И всё же после осенних уловок приходил настоящий холод, когда озеро, освободившись от плавающей ряски, становилось чистым, а мороз, пришедший всерьёз, покрывал толстым льдом не только изнеженные близостью леса затоны, но и материк бывшей реки.

С неба сыпались мохнатые хлопья, и озеро, поверив переменам, медленно засыпало под ласковый шёпот падающего снега. Тёмные прибрежные ели надевали высокие шапки-боярки, накрывались серебристой парчой.

В сильные морозы над озером сияла необыкновенная луна, обвитая двойным кольцом, зеленоватым ближе к диску и желтовато-молочным, плавно сливающимся с белёсым небом. Призрачный свет сеялся на спящее озеро, обозначая санный след, ведущий от одной деревни к другой.

Озеру, закованному в льды, хотелось дышать. Ему помогали полыньи и незамерзающие ручьевины. Но больше всего выручали рыбацкие проруби – молочный пар окутывал ветки, опущенные в лунки, и сосульчато, с налётом инея, застывал на них, словно на мужицкой бороде в лютый холод.

Но не вечен зимний полон. На Сретенье зима встречалась с весною, а там и чёрный, как головешка, грач подоспевал…

Вспухнет, посинеет материк озера и под напором полой воды треснет так, как будто подводный богатырь подпер плечом, да и вытолкнул навстречу пристальному солнцу ледяную преграду.

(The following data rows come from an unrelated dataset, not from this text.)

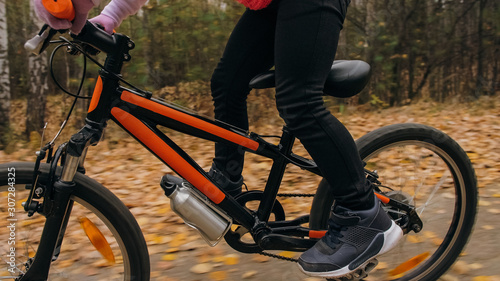 One caucasian children rides bike road in autumn park. Little girl riding black orange cycle in forest. Kid goes do bicycle sports. Biker motion ride with backpack and helmet. Mountain bike hardtail.
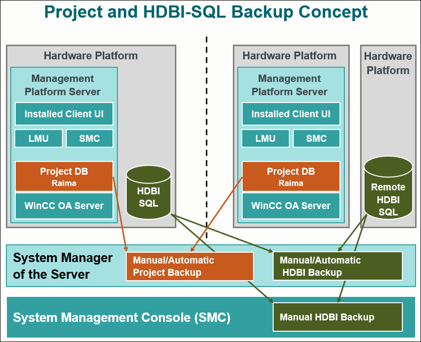You can initiate a backup of your project and HDB data from the Management Platform or from the SMC. Backups can be taken either manually or automatically.
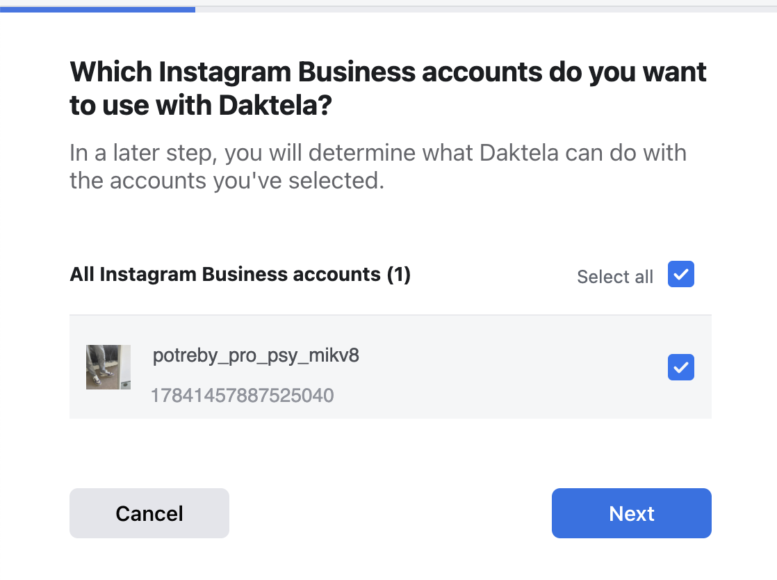 Now that your account is ready an linked, set up the Connector in Daktela. You will need to authorise the Facebook page that you have previously connected with your Instagram Business account.
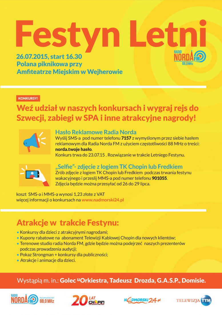 Golec uOrkiestra, Tadeusz Drozda, mnóstwo konkursów z super nagrodami, pokaz strongman, atrakcje dla dzieci i wiele innych niespodzianek – to wszystko czeka na Was podczas Festynu Letniego z okazji startu radia Norda FM w eterze! Festyn będzie transmitowany na żywo w Twojej Telewizji Morskiej oraz na portalu Nadmorski24.pl. Oprócz tego relację z wydarzenia będzie można usłyszeć, również na żywo, w radiu Norda FM!
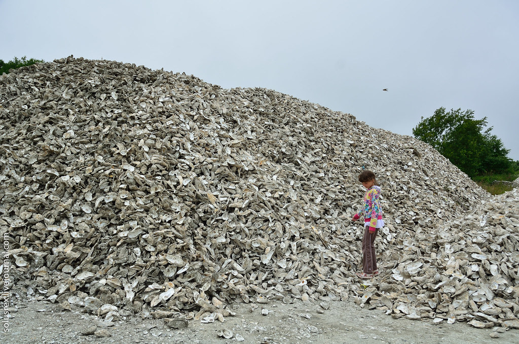 10. Дело к обеду, тем более, что пообедать предполагалось свежими устрицами. Не так далеко от Long Beach расположен населенный пункт Ойстервилль (Oysterville). Мы ожидали кипящий туристами устричный рай, а увидели лишь небольшой поселок, да несколько серых сарайчиков и горы раковин.
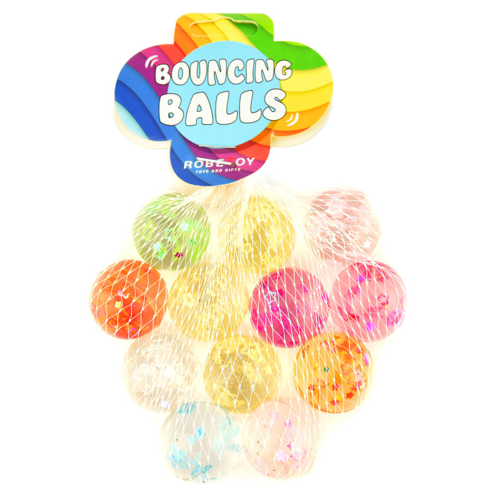 Studsa loss med coola studsbollar med färgglada stjärnor! I detta flerpack får du hela 12 stycken små studsbollar, perfekt för alla som vill studsa med extra många studsbollar, eller varför inte lägga som en kul överraskning i kalaspåsen.
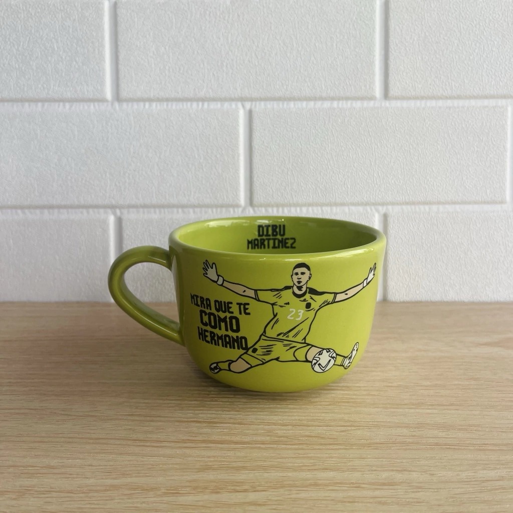 Taza de cerámica cónica de color azul, amarillo o rosa, con manija.
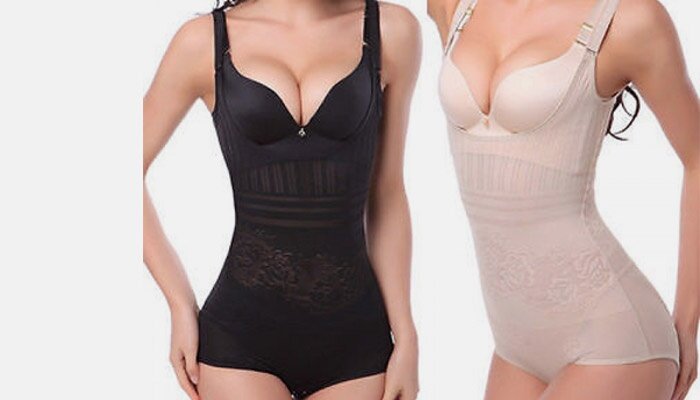 - Комбинация. Представляет собой корректирующее нижнее белье в виде короткого платья на тонких бретелях. Моделирует область живота, ягодиц и груди

После зимней спячки придут в себя караси. Глотая сладкий воздух, они выберутся из своих спасительных ям, из вязкой тины и, очищая грязные бока в осоке, направятся к своим кормным местам возле ручьевин. А вечная гроза карасей – зубастые щуки потянутся к тёплым затонам, чтобы оставить в затопленных кустарниках и подводных травах золотистые нити икринок.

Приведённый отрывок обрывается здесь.